Etten v. Lane

485 N.E.2d 1177, 138 Ill. App. 3d 439, 92 Ill. Dec. 934, 1985 Ill. App. LEXIS 2702
CourtAppellate Court of Illinois
DecidedNovember 8, 1985
Docket5-85-0187
StatusPublished
Cited by21 cases

This text of 485 N.E.2d 1177 (Etten v. Lane) is published on Counsel Stack Legal Research, covering Appellate Court of Illinois primary law. Counsel Stack provides free access to over 12 million legal documents including statutes, case law, regulations, and constitutions.

Bluebook
Etten v. Lane, 485 N.E.2d 1177, 138 Ill. App. 3d 439, 92 Ill. Dec. 934, 1985 Ill. App. LEXIS 2702 (Ill. Ct. App. 1985).

Opinion

JUSTICE HARRISON

delivered the opinion of the court:

Plaintiff, Arthur Etten, appeals from an order of the circuit court of Clinton County involuntarily dismissing his pro se complaint for mandamus pursuant to section 2 — 619 of the Code of Civil Procedure (Ill. Rev. Stat. 1983, ch. 110, par. 2 — 619). We reverse and remand with directions.

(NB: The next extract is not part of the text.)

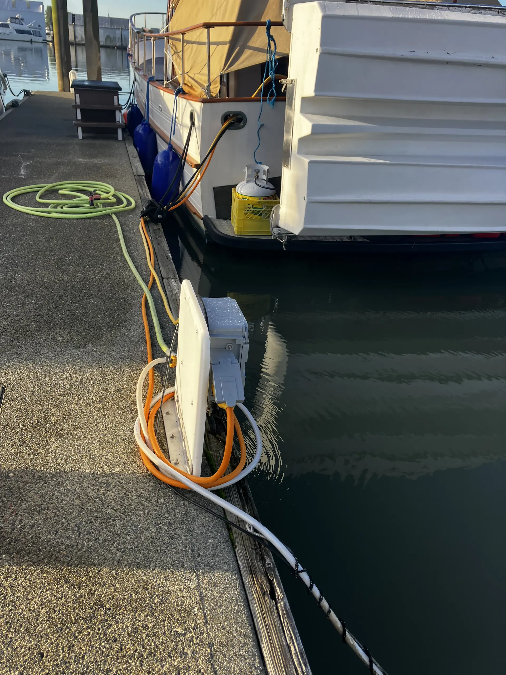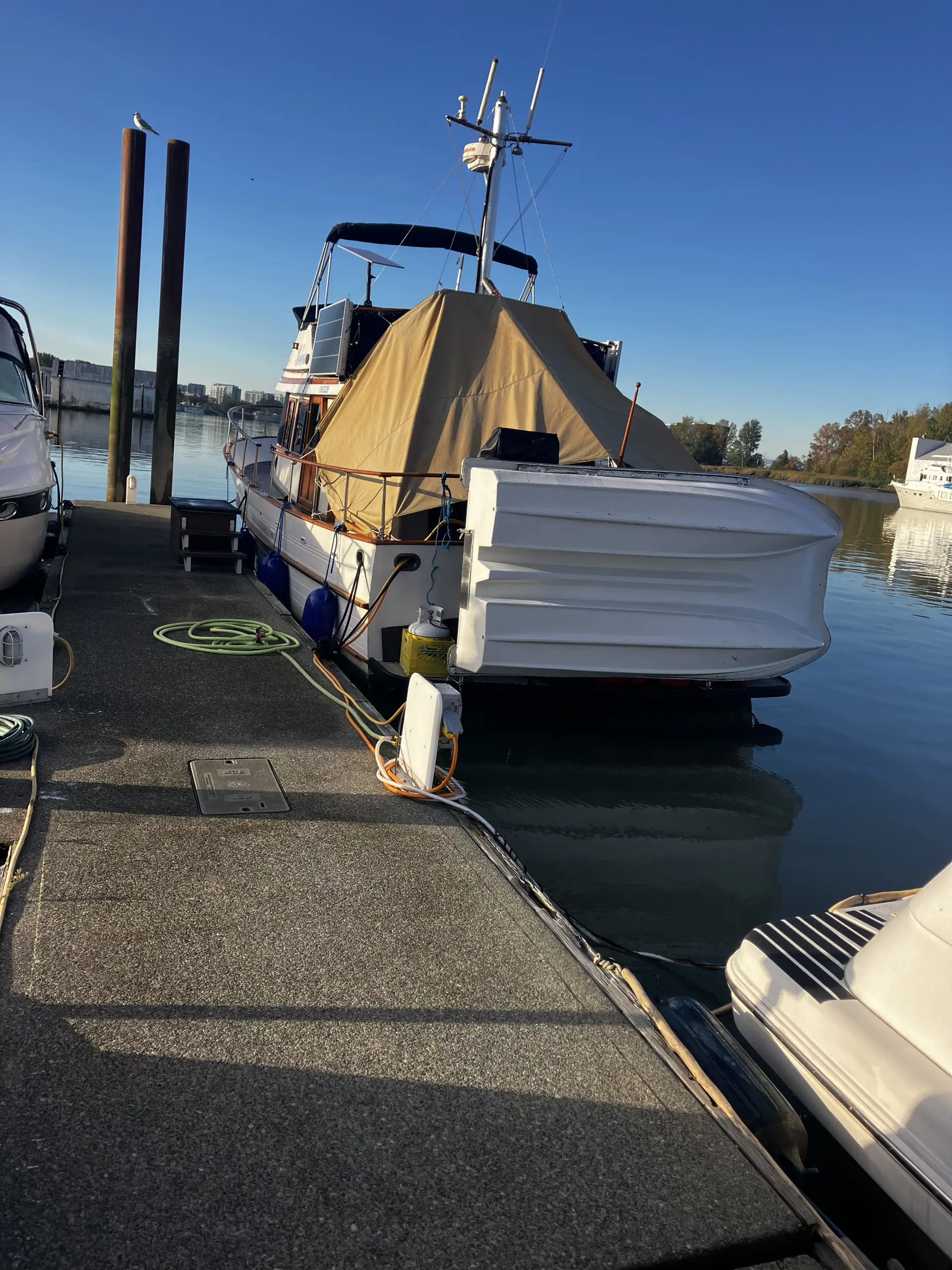 Prime Outside dock,30 amp power,water and secure gate with dob . (PRIME SECURE SLIP FOR THE FIFA WORLD CUP GAMES 2026) 1 block to sky train and 20 minutes to downtown Vancouver,10 minutes to airport. Close to all restaurants. No parking and no laundry. No sailboats as there is a fixed bridge. has a swing bridge for higher power boats

Plaintiff is an inmate at the Centralia Correctional Center serving a 25 to 75 year prison term for murder. On August 27, 1984, plaintiff was given a parole eligibility hearing by the Prisoner Review Board (hereinafter referred to as the Board). Parole was denied by the Board, en banc, on August 29, 1984. Approximately six months later, plaintiff filed his complaint for mandamus alleging: (1) that the Board failed to comply with its own rules governing en banc proceedings because one of its members did not participate in the disposition of plaintiff’s case; (2) that plaintiff had requested, but had been denied, complete access to the files of the Department of Corrections (his “master file”) and the files of the Board (his “Board file”) used by the Board in making its parole determination; and (3) that those files contained erroneous information prejudicial to plaintiff’s parole eligibility.

Plaintiff's complaint named as defendants Michael Lane, director of the Department of Corrections, and Paul Hincar, chairman of the Board. The complaint requested that defendants be compelled to permit plaintiff to inspect and copy all documents about him contained in his master file and Board file, that defendants be ordered to expunge from these respective files any documents about him found to be erroneous, and that he be granted a rehearing on his parole eligibility. Defendants moved for involuntary dismissal under section 2 — 619 of the Code of Civil Procedure (111. Rev. Stat. 1983, ch. 110, par. 2 — 619). A hearing on that motion was held before the circuit court on February 28, 1984, at the conclusion of which defendants’ motion was granted, and the case was dismissed. The sole issue on this appeal is whether the circuit court acted properly in dismissing that portion of plaintiff’s mandamus complaint requesting full disclosure of all documents in his master file and Board file.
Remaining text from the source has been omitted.